> Work task
With the pictures left out, retype exactly the lines below starting at the line that contains "Электрический лобзик TDM" and ending at the line that contains "Magda Butrym aims".

> Exercise data
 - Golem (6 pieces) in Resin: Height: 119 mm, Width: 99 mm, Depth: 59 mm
...
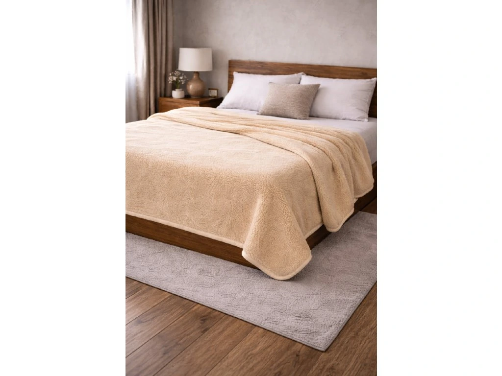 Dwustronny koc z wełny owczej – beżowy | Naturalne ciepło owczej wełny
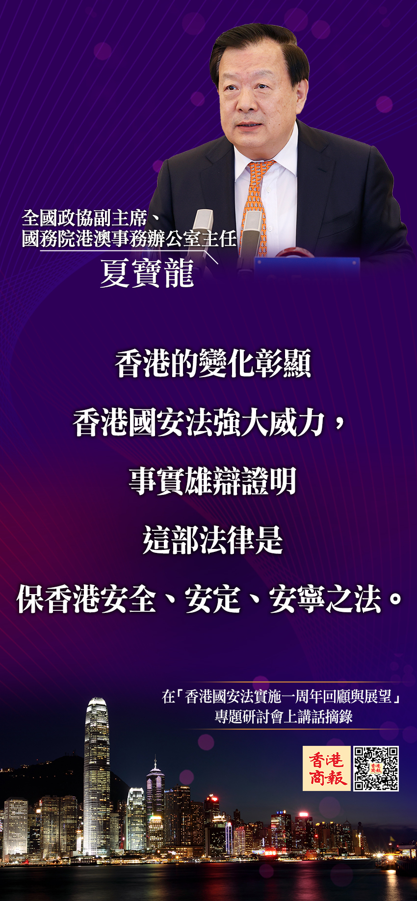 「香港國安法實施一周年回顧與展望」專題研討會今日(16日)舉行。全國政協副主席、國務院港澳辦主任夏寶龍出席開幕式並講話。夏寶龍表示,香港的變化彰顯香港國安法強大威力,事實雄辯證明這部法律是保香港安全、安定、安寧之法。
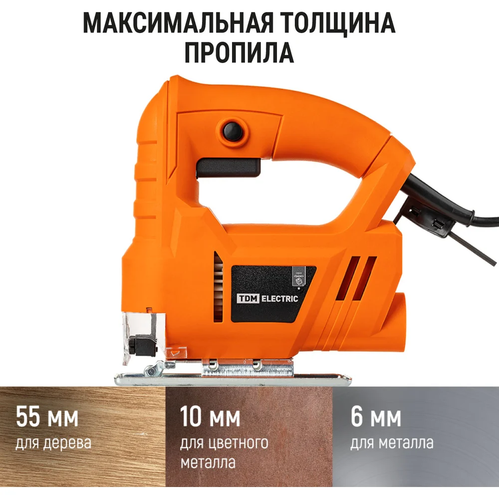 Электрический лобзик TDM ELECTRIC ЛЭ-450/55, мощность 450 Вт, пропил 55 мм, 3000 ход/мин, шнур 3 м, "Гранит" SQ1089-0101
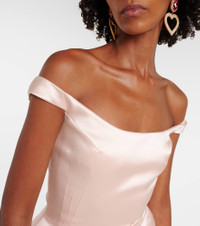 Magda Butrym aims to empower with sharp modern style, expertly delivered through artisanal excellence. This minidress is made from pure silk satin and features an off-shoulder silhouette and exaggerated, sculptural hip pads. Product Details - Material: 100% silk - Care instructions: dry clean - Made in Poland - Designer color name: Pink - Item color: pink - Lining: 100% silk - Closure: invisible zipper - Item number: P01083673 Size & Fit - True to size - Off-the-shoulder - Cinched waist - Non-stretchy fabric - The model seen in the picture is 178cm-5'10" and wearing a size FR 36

> Answer to this exercise
 Электрический лобзик TDM ELECTRIC ЛЭ-450/55, мощность 450 Вт, пропил 55 мм, 3000 ход/мин, шнур 3 м, "Гранит" SQ1089-0101
 Magda Butrym aims to empower with sharp modern style, expertly delivered through artisanal excellence. This minidress is made from pure silk satin and features an off-shoulder silhouette and exaggerated, sculptural hip pads. Product Details - Material: 100% silk - Care instructions: dry clean - Made in Poland - Designer color name: Pink - Item color: pink - Lining: 100% silk - Closure: invisible zipper - Item number: P01083673 Size & Fit - True to size - Off-the-shoulder - Cinched waist - Non-stretchy fabric - The model seen in the picture is 178cm-5'10" and wearing a size FR 36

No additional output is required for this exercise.